Anenome: It doesn't actually matter, actually. Because if the producer is incorrect, he will quickly realize this fact or be forced in short order to go out of business. By virtue of losing money he will be unable to bid up the price of that good anymore.

That would true regardless of where his income is coming from. If he is funneling his profits from the sale of good A to start up new production on good B, then a decrease in sales of good A would prevent him from bidding up the price of the factors of good B. But this doesn't mean that good B won't sell at the price he expects it to. Similarly, if no one is currently buying good B, it doesn't mean a priori that no one in the future will buy good B at the expected price.

Actual consumer demand is tested every day, through actual sales. Businessmen then use that as data today to change strategy for tomorrow and longer-term generally. Thus prices are like an ocean in turmoil, always seeking equilibrium but never finding it, but certainly finding a median value.

So the calculation argument actually rests on empirical reasons? Businessmen study human action in the same way that natural scientists study the weather?

Absent prices, how would a planner know which of a thousand coal producing pits to buy coal from? He cannot know. Which coal producers are the most efficient? No idea. Which should be rewarded for good management and oversight? Can't tell. Pick one out of a hat.

How does a business determine which employees are most efficient?

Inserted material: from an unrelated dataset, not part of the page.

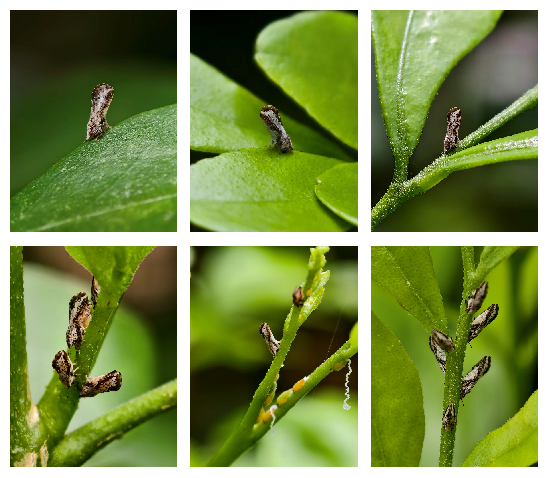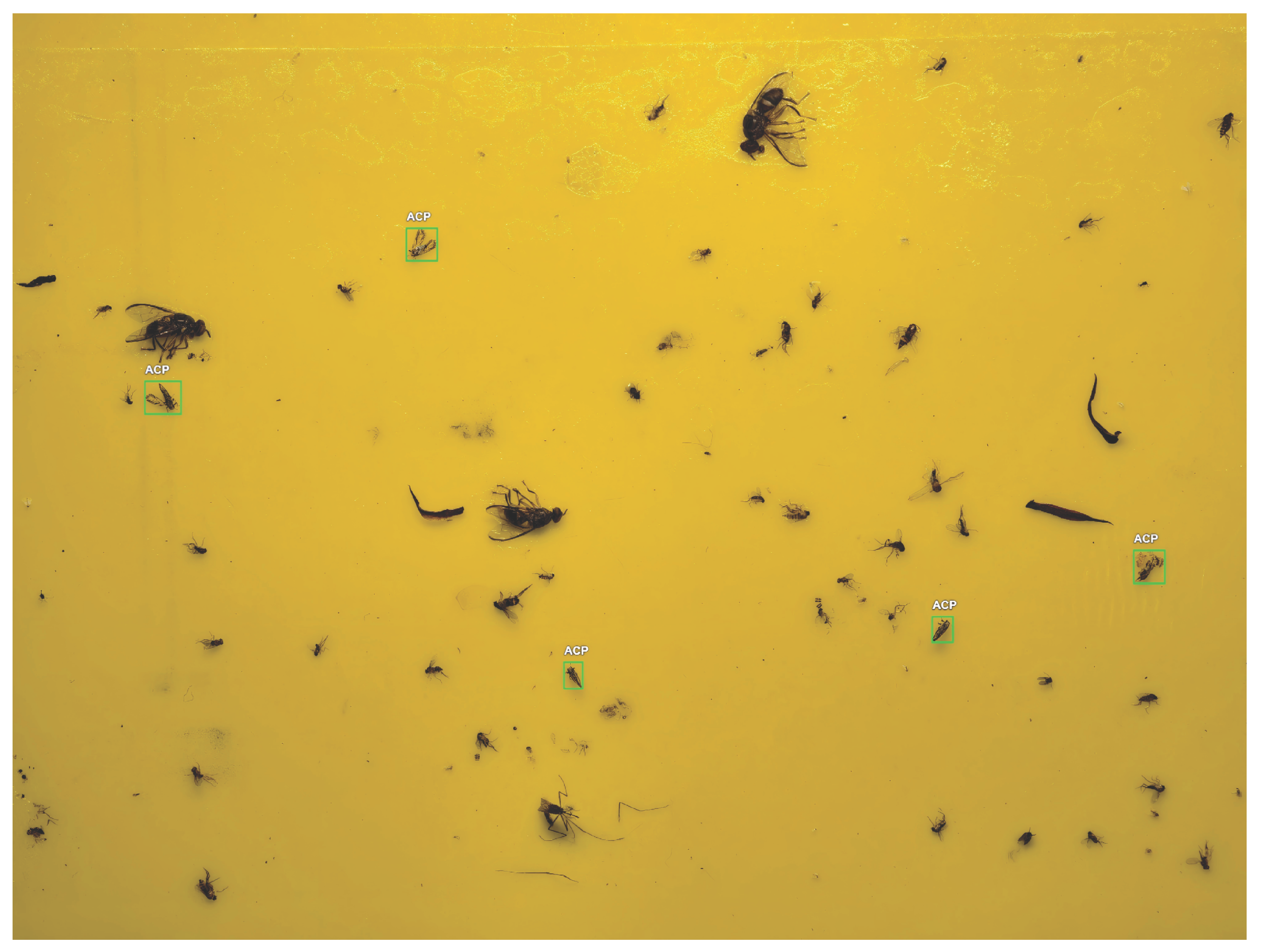 Figure 1. Adults are about 3 mm long. Their bodies are grayish green with brownish markings and covered with white wax. The targets are small and easily confused with the background. The data in this study were collected at an experimental plantation for citrus HLB in Haizhu District, Guangzhou, Guangdong Province, during June–August 2025. Yellow-boards (15 × 10 cm) were randomly hung within the orchard, with positions not limited to the canopy; different tree positions and heights were covered to enhance scene diversity. Each board was hung for 3–10 days per session. Multi-batch deployment and recovery were used to cover different time periods and environmental changes, enhancing the spatiotemporal representativeness of the samples. To obtain stable and clear images, the recovered boards were transported to the laboratory for imaging, reducing the impact of strong outdoor glare and shadows on image quality.

Not solely. Price goes much beyond that. It motivates market activity on both sides. Let's say you sell coal, and the price of coal suddenly begins to increase sharply. You, as a coal producer, can make much more money by increasing production. And if you expect this trend to continue for awhile, that is for prices to stay high, then you might even be willing to take out loans for new equipment to get at certain coal patches that would be otherwise difficult and more expensive to mine. But with coal prices as high as they are now and no end in sight, it will be economical to mine that coal. So you do it, and use price as a signal to increase production.

I meant the prices of both the inputs and the outputs, which gives you the profit.

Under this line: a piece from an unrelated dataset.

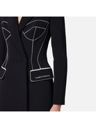 ? contrasting piping details recreate a bustier with a trompe-l'oeil effect

Not really. His point about an external reference is a reference exteneral to each individual viewer. A price serves that function of external reference. And it arises from realities in other invisible parts of the economy that the individual doesn't need to know about, he only has to see that those events cause an increase or decrease in price to understand what action is in his interest as a result.

Thus, there might be five oil field that dry up. He doesn't need to know this or be told to increase production. He only sees the price of oil rise and realizes it's in his interest to increase production, and thus he will. Absent a price structure, and thus absent that level of fine-grained communication, a planner could not approximate the same result through other communication channels.

I don't think it's that simple. Not only does he need to know that the price has risen (i.e. that people have bought the item at a higher price in the recent past than in the distant past) but also that people will buy the additional goods that he plans to produce. And in order to increase production, resources must be reallocated from another area. What if that area required a lot of oil? Reallocating the resources might then itself reduce the demand for oil.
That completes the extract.